▶ [Given information]:
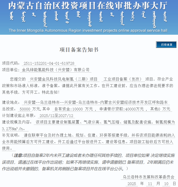 氢能汇获悉,近日,乌兰察布燕煤能源有限公司四子王旗绿氢建设项目、兴安盟金风科技风电制氢(二期)项目获批,项目总投资570000万元。
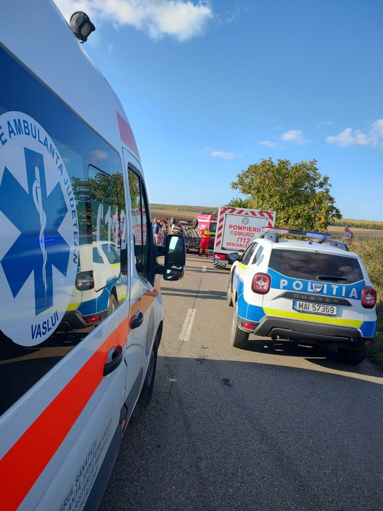 Detașamentul de pompieri Bârlad intervine cu trei autospeciale și echipaje specializate, la un accident rutier produs pe 244 H, în localitatea Viișoara.
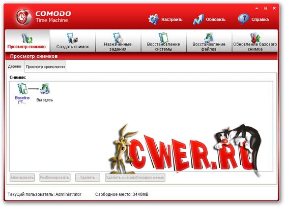 Comodo Time Machine - это бесплатная программа для отката системы, абсолютный аналог таких замечательных программ, как Roll Back RX и Eaz Fix. Программа поможет защитить ваш компьютер от сбоя, неправильно установленного драйвера, поражения любым вирусом, и вернуть обратно исправную систему за считанные минуты, не влияет на производительность и при этом позволяет без перезагрузки сделать автоматически или вручную менее чем за 3 секунды полный снимок системы, в любой из которых вы можете быстро вернуться или вернуть из них утерянные или разрушенные данные.
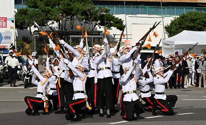 [서울=뉴시스] 14일 동인천역 남광장 일원에서 열린 제75주년 인천상륙작전 기념 거리퍼레이드에서 해병대 의장대가 공연을 하고 있다. (사진=인천시청 제공) 2025.09.14. photo@newsis.com *재판매 및 DB 금지

▶ [What to produce]:
Print out the material word for word, omitting the pictures.

▶ [Output below]:
 氢能汇获悉,近日,乌兰察布燕煤能源有限公司四子王旗绿氢建设项目、兴安盟金风科技风电制氢(二期)项目获批,项目总投资570000万元。
 Detașamentul de pompieri Bârlad intervine cu trei autospeciale și echipaje specializate, la un accident rutier produs pe 244 H, în localitatea Viișoara.
 Comodo Time Machine - это бесплатная программа для отката системы, абсолютный аналог таких замечательных программ, как Roll Back RX и Eaz Fix. Программа поможет защитить ваш компьютер от сбоя, неправильно установленного драйвера, поражения любым вирусом, и вернуть обратно исправную систему за считанные минуты, не влияет на производительность и при этом позволяет без перезагрузки сделать автоматически или вручную менее чем за 3 секунды полный снимок системы, в любой из которых вы можете быстро вернуться или вернуть из них утерянные или разрушенные данные.
 [서울=뉴시스] 14일 동인천역 남광장 일원에서 열린 제75주년 인천상륙작전 기념 거리퍼레이드에서 해병대 의장대가 공연을 하고 있다. (사진=인천시청 제공) 2025.09.14. photo@newsis.com *재판매 및 DB 금지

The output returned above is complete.